And for a moment, the hope of her saying yes is as blinding as the sun behind her. Her lips part and you imagine that her eyes widen behind her jester’s mask. A wind picks at the long strands of her hair, sending them fluttering around her like a halo, and you’re standing so close that one brushes your cheek.
“There is a proper way,” she says and then stops. Her right hand twitches at her side. “There is—” is she stuttering? “This isn’t—Prophetess.”
You’re fascinated. She’s always so precise with her words. Even when you threatened her all those months ago she never once floundered like she’s doing now. “Hmm?”
“Hear me out,” she says.
You nod. “Of course.” You lean forward so that you’re only inches away from her. “I’m listening.”
“This…is not the time,” she says. You feel her attention slide to the others and then back to you. She hisses when she finds you even closer. “Prophetess.”
You don’t want to push too hard.
You lean back onto your good leg. “You let me know when it is time,” you say. Your lips quirk. “My little Fool.”
“Oh my god,” she mutters. She turns sharply on her heel. “Get yourself off the roof. I’m going home.”
You watch as she steps off the roof without hesitation. Her telekinetic powers are unique in that they can work on people too. You usually rely on her to get you home.
Maybe you should have asked her afterwards…
You turn to your other minions. Low-level villains without the drive or power to execute their own heists who all owe you the same favor. You raise your brow. “So how are you lot getting me off this roof?”
“You’ve got legs,” the Ace of Swords says.
“I broke my left one,” you say. And, to prove you aren’t lying, you draw away your cape to show that your pant leg is soaked in red.
The Ace of Swords stares. “This is why she said no.”
“Was that what it sounded like to you?” you ask. His surety makes you frown. “For that, you get to carry me down.”
The Ace of Swords groans as the other Swords flee.
-----------.
Your Swords are not always Swords. Sometimes they are Pentacles or Wands or Cups.

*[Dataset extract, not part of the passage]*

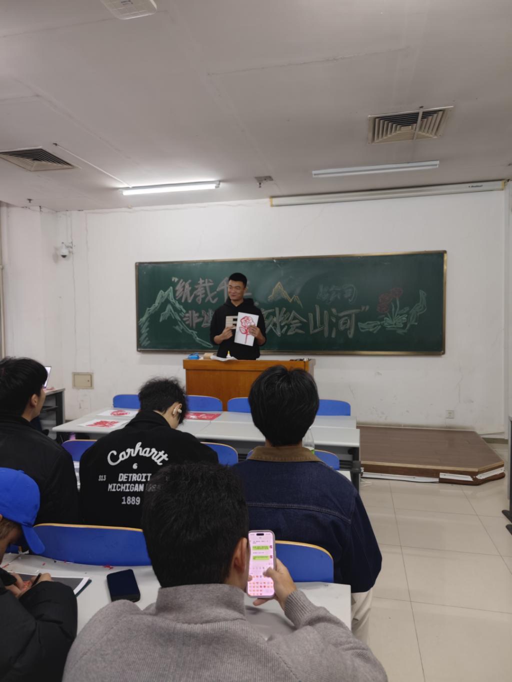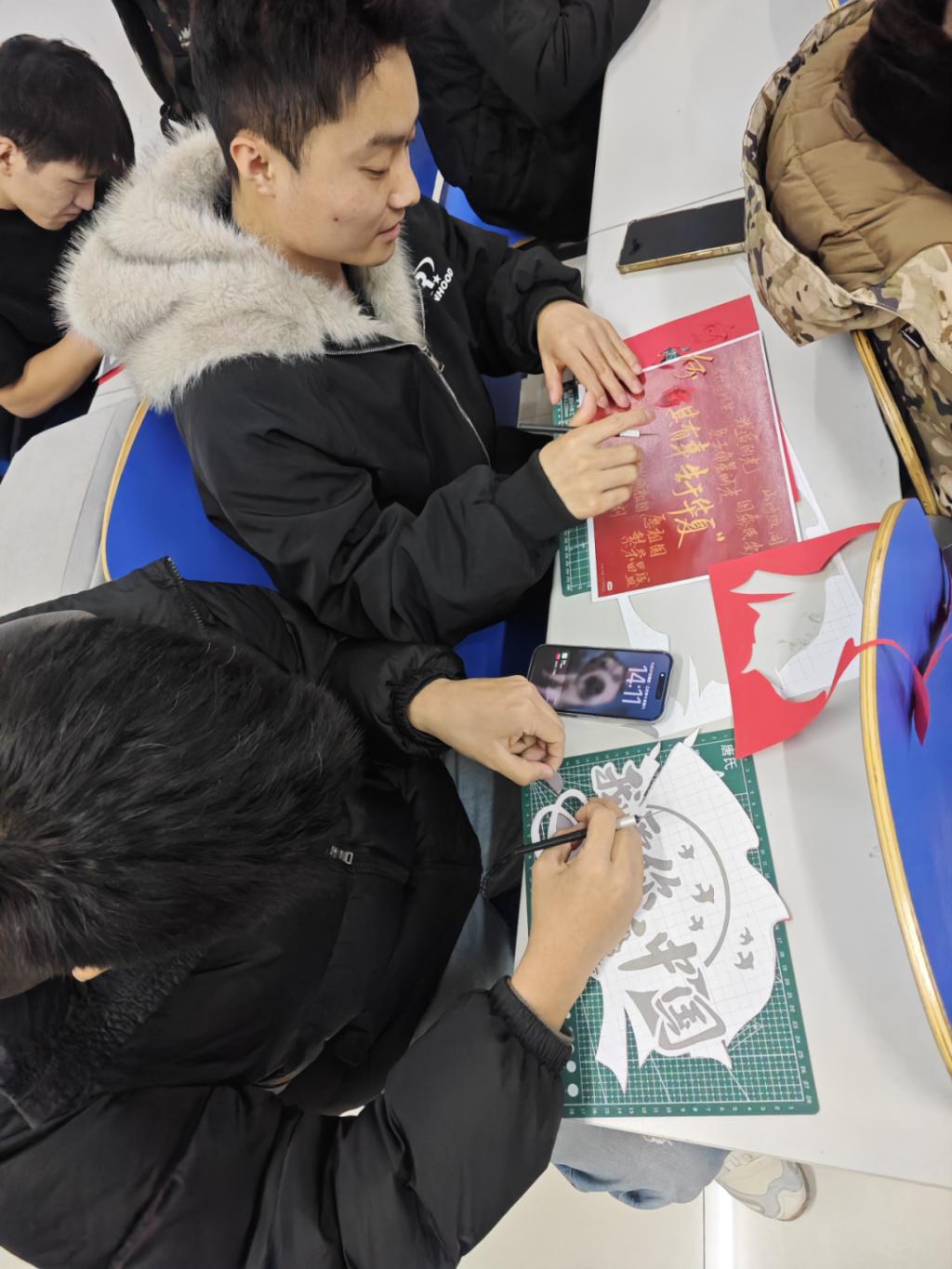 活动现场,同学围坐在一起,相互交流创意、分享技巧,气氛热烈而温馨。“我从小就看长辈剪民族花纹,今天第一次把家乡的风景和国旗刻在一起,感觉特别有意义。”他举起半成品向身边的同学展示,旁边的少数民族同学则热情地分享着自己将民族特色建筑、祥云与长城元素融合的创作思路。
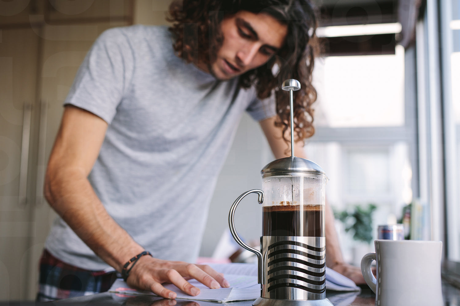 Young man reading book standing in kitchen at home while making coffee. Student standing in kitchen and studying for college exam.

There’s meaning to the costuming you put your people through, a meaning that escapes Hero Force.
“Where are the others?” Cowboy growls at you over the interrogation table. He keeps aggressively tapping the photos he flung in front of you. Grainy shots of your Wands storming through the Christmas Parade you used as a cover to kidnap the Mayor, blurry screen grabs from security footage of them as Pentacles in the art museum, a delightful brochure featuring them as Cups in a reproduction of Macbeth you used to do some light money laundering. “If you tell us, we might cut you a deal. Six of your people are being prepared for interrogation right now. Want to bet who breaks first?”
The ghost of you smiles behind your dead eyes, leans forward, and sneers in Cowboy’s face. That version of you is delighted by Cowboy mistaking six people for twenty-four and wants to play the interrogation game he’s offering. But the real you feels as heavy as lead and it takes all your strength to watch as Cowboy slowly works his way into a frenzy.

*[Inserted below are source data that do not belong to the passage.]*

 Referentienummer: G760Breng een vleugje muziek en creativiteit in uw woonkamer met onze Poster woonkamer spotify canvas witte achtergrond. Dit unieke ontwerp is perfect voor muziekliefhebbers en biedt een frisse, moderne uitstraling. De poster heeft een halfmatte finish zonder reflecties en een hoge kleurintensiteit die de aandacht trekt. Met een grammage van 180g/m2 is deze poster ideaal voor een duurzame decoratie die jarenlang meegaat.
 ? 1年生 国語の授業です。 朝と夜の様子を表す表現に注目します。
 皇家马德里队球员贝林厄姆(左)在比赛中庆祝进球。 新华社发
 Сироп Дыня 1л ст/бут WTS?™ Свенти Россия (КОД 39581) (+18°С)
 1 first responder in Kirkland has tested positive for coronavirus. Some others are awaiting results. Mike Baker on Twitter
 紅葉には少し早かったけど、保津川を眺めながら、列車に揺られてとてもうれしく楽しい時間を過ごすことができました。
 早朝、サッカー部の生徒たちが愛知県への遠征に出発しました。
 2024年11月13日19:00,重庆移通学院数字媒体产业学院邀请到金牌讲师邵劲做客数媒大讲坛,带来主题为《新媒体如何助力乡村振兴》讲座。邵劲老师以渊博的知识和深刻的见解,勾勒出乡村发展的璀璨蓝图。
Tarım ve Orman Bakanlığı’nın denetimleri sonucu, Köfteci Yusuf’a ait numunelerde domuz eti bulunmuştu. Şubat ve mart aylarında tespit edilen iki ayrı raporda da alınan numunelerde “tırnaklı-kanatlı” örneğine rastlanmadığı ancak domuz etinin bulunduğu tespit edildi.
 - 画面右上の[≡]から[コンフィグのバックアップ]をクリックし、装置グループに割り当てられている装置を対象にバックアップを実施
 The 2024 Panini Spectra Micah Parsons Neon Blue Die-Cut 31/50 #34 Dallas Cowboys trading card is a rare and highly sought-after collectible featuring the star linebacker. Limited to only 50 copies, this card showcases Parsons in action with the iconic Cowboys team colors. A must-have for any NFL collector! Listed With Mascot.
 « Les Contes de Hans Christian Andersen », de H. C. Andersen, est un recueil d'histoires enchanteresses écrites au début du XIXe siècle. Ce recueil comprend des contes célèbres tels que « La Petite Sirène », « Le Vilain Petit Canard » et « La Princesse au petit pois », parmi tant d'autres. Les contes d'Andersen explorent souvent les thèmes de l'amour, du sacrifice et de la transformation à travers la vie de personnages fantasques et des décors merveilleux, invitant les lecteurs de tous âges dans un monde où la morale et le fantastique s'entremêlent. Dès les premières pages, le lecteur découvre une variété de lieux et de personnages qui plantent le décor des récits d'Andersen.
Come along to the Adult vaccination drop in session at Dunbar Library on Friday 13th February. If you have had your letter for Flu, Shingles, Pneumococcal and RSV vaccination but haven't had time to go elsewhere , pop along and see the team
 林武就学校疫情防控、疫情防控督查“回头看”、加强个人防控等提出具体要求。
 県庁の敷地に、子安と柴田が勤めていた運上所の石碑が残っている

“For too long you’ve been tormenting this city,” he says. He shakes a finger in your face. “I told Headquarters, I said you were a problem when you first showed up in Raleigh. I said, ‘This one is going to come to Charlotte and she’s going to show up with an army.’ I did. I said that and now you’ve got the largest crew in America.”
“Quite the fortune teller, aren’t you?” you murmur. The Fool is at the front of the brochure, all done up as Macbeth. You’d tried to get her to be Lady Macbeth, but she’d insisted she be the main character for once.
You don’t understand Macbeth, you’d said.
His name is the play, she argued.
Lady Macbeth is the mastermind.
Did you read the play?
Did you?
Neither of you had.
Cowboy slams his hand on the table. “Look, Prophetess, I’m the only chance you’ve got at a deal. As soon as those DC heroes get in here, it’s off the table.”
Ha.
“It would be convenient for you if there were no witnesses,” you observe. “More convenient if you get to them before the DC crowd.”
“Witnesses to what?” Cowboy blusters. But he draws back and his gaze is colder than the Hero Force air conditioning that’s already making this room glacial. “To justice?”
How dare he lie to you? Her pale face haunts your peripheral vision. You can see her in the window of the interrogation room.
“To murder,” you say. Your glares clash when you finally look up at him. The soot is still in his stubble and you imagine you can smell her blood coming from his singed leather vest. “She surrendered. We all saw it.”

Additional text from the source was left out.